"""

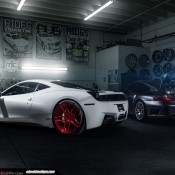 The red-wheeled Ferrari 458 Italia gets the ADV005 MV2SL wheel models in sizes 21×9 inch front and 22×12 inch on the rear. Since the color of choice for the rims was gloss red, the guys at Wheels Boutique who prepared this car painted the brake calipers white to make them stand out. This shows these guys put a lot of thought into every project they do.
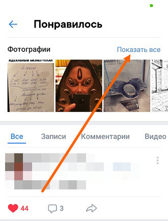 3. В самом верху находятся понравившиеся фотографии, жмём на ссылку «Показать все».
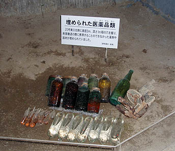 南風原文化センターへ行くと、壕に入れますとのこと。予約していなかったんですが、ラッキーなことに、40分後くらいに予約されている方が居られて便乗させてもらえました~!南風原陸軍病院壕は手掘りのトンネル30本(ひめゆり資料館では40本と話されてましたが、記憶違いかな?)ほどあったようです。そのうちの1本が整備され、見学できるようになっています。案内のボランティア?の方も居られ、説明して下さいました。入ってすぐに掘り出された当時の薬が置かれていました。中の薬は当時のままだそうです。 戦後、鉄クギなどを拾い集めていた子供らが見つけて、何だろう?と思い、飲んで亡くなったケースもあったそうです。米軍が攻めてきて南部撤退の際、歩けない重傷患者には青酸カリなどがミルクに混ぜられて配られ自決を求められたようです。少年が飲んだのも、そういった毒薬の類だったのかも知れません。壕内には、右側か左側に木造の2段ベッド(南風原文化センターにジオラマがありました)があり、1段に2人ずつ寝かされていたそうです。ひめゆり学徒の人達は眠る場所もなく、立ったまま壁にもたれて、1,2時間寝たくらいだったそうです。 壕内の壁や天井には米軍の火炎放射器により、変色したあとが見えます。 トンネルを支えていた柱も火炎放射器により、炭になっていました。食事は、1日にピン球くらいの大きさのおにぎりが1,2個で、ひめゆりの人達には当たらなかったこともあったそうです。また、米軍が攻めてくる前の段階からすでに食料は野球ボールくらいのおにぎりが2個くらいだったそうです。。。はじめから、食料もなしに徹底抗戦だったんですね。。。トンネルの中程の天井に名前が刻まれていました。 わかりますか?63年経って、かなり薄くなっているようですが、姜 と3つほど刻まれています。証言により、このあたりのベッドに朝鮮人軍属?軍人??が居たことまでは分かっているそうですが、彼の本名が姜なのか、彼が刻んだものなのかはわかっていません。長野の松代大本営の映画「キムの十字架」を思い出しました。病院壕の見学は20分程度ってことでしたが、あれこれ、質問したり、話させてもらってるうちに1時間ほどが過ぎていきました。やっぱり、こうやって説明して頂いたりすると勉強にもなるし、楽しいです。やっぱり、人と会うってのは、楽しいですね。入口前には憲法9条の碑がありました。 今、沖縄に6つあるそうです。大阪にもあるのかな??隣の鎮魂と平和之鐘がありました。私も、鳴らしてきました。

"""

• **PROBLEM STATEMENT**
What is needed is a word-for-word copy of the lines from the start of the data to the line with "3. В самом верху", inclusive, with no pictures in it.

• **ANSWER SPACE**
 The red-wheeled Ferrari 458 Italia gets the ADV005 MV2SL wheel models in sizes 21×9 inch front and 22×12 inch on the rear. Since the color of choice for the rims was gloss red, the guys at Wheels Boutique who prepared this car painted the brake calipers white to make them stand out. This shows these guys put a lot of thought into every project they do.
 3. В самом верху находятся понравившиеся фотографии, жмём на ссылку «Показать все».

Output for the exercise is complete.